STUDY MATERIAL »
§ §
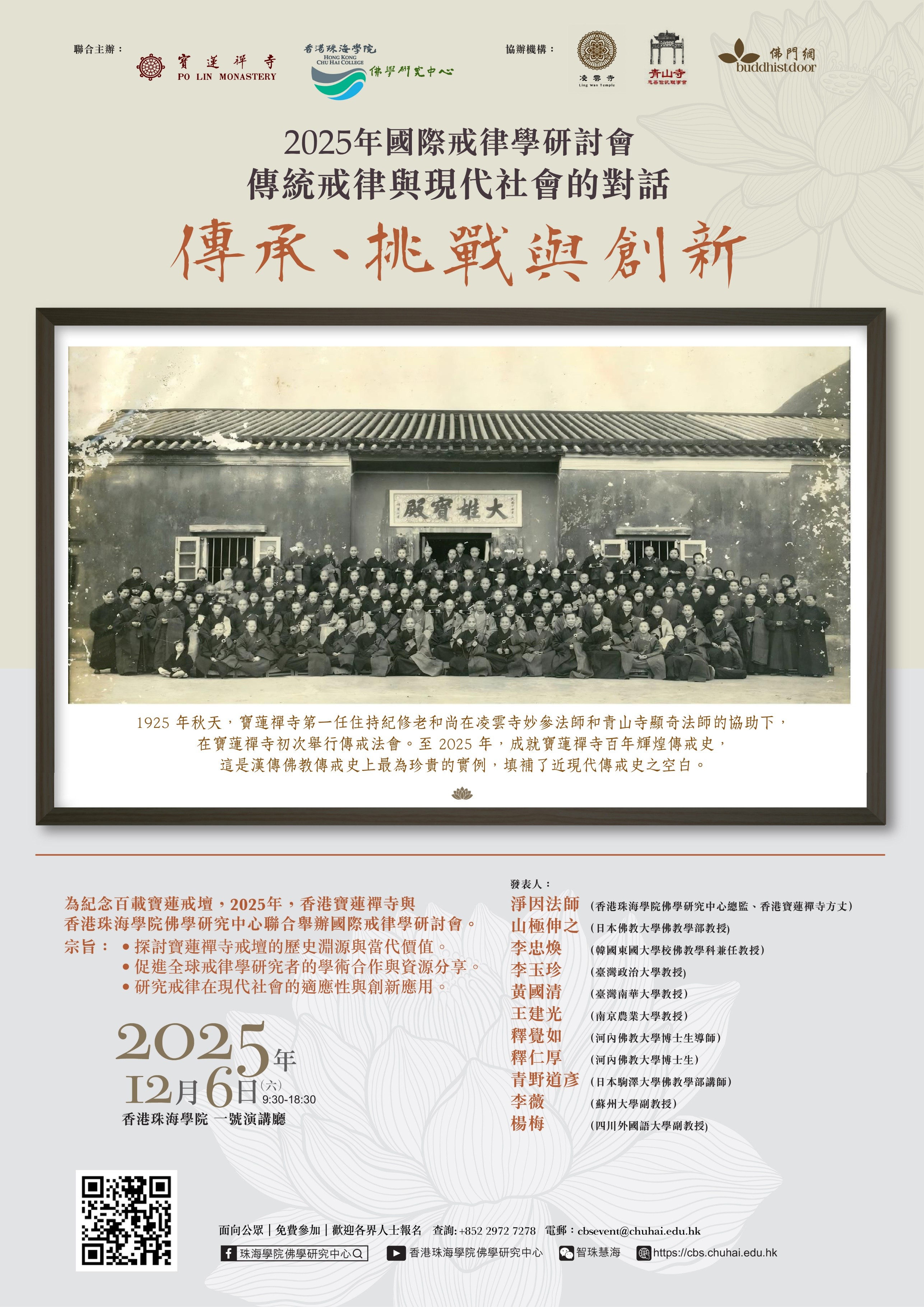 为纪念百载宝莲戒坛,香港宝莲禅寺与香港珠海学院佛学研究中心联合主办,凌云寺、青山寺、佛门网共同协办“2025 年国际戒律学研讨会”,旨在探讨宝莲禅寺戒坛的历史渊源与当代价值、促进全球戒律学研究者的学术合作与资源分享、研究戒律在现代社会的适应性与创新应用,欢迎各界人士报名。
§ §
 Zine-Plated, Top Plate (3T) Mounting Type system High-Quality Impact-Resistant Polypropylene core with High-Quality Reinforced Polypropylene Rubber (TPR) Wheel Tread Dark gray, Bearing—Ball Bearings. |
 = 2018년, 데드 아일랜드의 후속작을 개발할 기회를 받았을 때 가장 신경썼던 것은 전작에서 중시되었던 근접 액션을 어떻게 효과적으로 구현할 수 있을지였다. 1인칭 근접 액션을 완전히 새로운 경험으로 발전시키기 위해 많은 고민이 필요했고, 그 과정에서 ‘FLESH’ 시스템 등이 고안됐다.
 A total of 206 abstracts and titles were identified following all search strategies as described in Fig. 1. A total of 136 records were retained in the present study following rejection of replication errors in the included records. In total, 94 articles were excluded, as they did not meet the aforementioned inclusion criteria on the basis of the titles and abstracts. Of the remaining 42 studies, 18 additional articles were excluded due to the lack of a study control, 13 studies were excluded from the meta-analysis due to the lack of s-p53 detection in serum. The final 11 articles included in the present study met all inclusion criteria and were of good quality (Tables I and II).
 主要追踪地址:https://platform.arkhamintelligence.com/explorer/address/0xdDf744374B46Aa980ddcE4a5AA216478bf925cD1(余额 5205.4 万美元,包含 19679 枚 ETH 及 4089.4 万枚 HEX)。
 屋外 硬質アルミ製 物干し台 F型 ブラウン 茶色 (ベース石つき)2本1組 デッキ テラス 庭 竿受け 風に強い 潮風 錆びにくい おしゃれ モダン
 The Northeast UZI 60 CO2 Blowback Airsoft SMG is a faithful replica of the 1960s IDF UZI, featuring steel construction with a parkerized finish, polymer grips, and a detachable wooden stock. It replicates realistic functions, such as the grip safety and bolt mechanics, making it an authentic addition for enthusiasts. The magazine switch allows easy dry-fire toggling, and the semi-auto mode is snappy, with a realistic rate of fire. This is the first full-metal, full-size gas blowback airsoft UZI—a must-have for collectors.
§ §
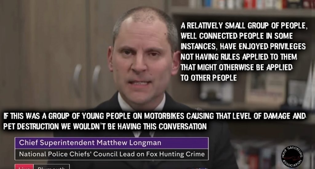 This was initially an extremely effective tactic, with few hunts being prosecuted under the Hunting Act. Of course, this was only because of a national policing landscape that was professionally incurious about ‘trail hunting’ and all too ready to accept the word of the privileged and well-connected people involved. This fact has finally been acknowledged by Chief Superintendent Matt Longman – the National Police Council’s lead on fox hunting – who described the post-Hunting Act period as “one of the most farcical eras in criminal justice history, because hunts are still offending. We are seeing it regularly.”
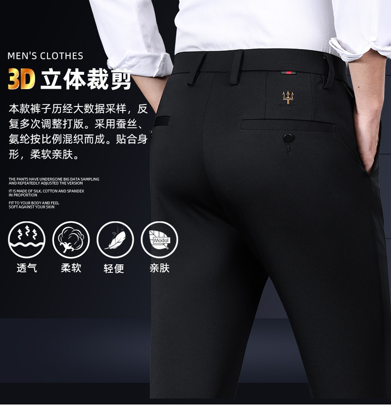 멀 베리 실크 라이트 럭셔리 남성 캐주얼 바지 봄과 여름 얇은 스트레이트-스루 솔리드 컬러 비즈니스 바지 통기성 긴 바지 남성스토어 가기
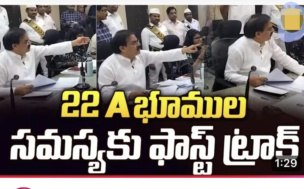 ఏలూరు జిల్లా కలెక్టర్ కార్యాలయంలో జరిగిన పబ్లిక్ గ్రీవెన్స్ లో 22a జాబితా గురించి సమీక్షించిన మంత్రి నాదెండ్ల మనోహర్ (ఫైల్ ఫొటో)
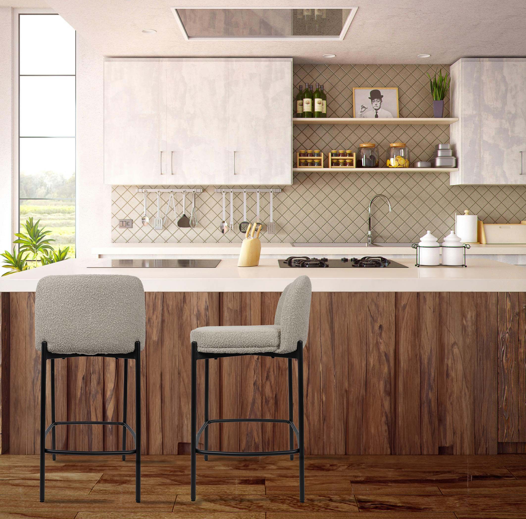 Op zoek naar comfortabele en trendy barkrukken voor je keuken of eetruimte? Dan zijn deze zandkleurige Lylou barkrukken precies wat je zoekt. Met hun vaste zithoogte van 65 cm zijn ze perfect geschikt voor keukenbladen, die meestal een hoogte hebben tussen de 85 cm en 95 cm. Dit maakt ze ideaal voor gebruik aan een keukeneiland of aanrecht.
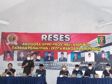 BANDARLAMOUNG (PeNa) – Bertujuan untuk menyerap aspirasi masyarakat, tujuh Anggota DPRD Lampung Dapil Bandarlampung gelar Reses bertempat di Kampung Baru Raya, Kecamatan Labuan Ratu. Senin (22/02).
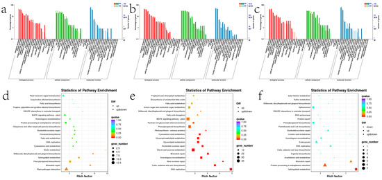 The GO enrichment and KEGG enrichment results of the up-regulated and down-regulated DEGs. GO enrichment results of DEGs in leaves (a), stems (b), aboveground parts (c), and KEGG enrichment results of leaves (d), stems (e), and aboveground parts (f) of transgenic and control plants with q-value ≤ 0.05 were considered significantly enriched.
§ §
AIM OF THE TASK »
Go to the line with "Zine-Plated, Top Plate" in the entries above and repeat every line from there through the line with "4089.4 万枚 HEX)。", exactly and with no other text.

TASK RESULT »
 Zine-Plated, Top Plate (3T) Mounting Type system High-Quality Impact-Resistant Polypropylene core with High-Quality Reinforced Polypropylene Rubber (TPR) Wheel Tread Dark gray, Bearing—Ball Bearings. |
 = 2018년, 데드 아일랜드의 후속작을 개발할 기회를 받았을 때 가장 신경썼던 것은 전작에서 중시되었던 근접 액션을 어떻게 효과적으로 구현할 수 있을지였다. 1인칭 근접 액션을 완전히 새로운 경험으로 발전시키기 위해 많은 고민이 필요했고, 그 과정에서 ‘FLESH’ 시스템 등이 고안됐다.
 A total of 206 abstracts and titles were identified following all search strategies as described in Fig. 1. A total of 136 records were retained in the present study following rejection of replication errors in the included records. In total, 94 articles were excluded, as they did not meet the aforementioned inclusion criteria on the basis of the titles and abstracts. Of the remaining 42 studies, 18 additional articles were excluded due to the lack of a study control, 13 studies were excluded from the meta-analysis due to the lack of s-p53 detection in serum. The final 11 articles included in the present study met all inclusion criteria and were of good quality (Tables I and II).
 主要追踪地址:https://platform.arkhamintelligence.com/explorer/address/0xdDf744374B46Aa980ddcE4a5AA216478bf925cD1(余额 5205.4 万美元,包含 19679 枚 ETH 及 4089.4 万枚 HEX)。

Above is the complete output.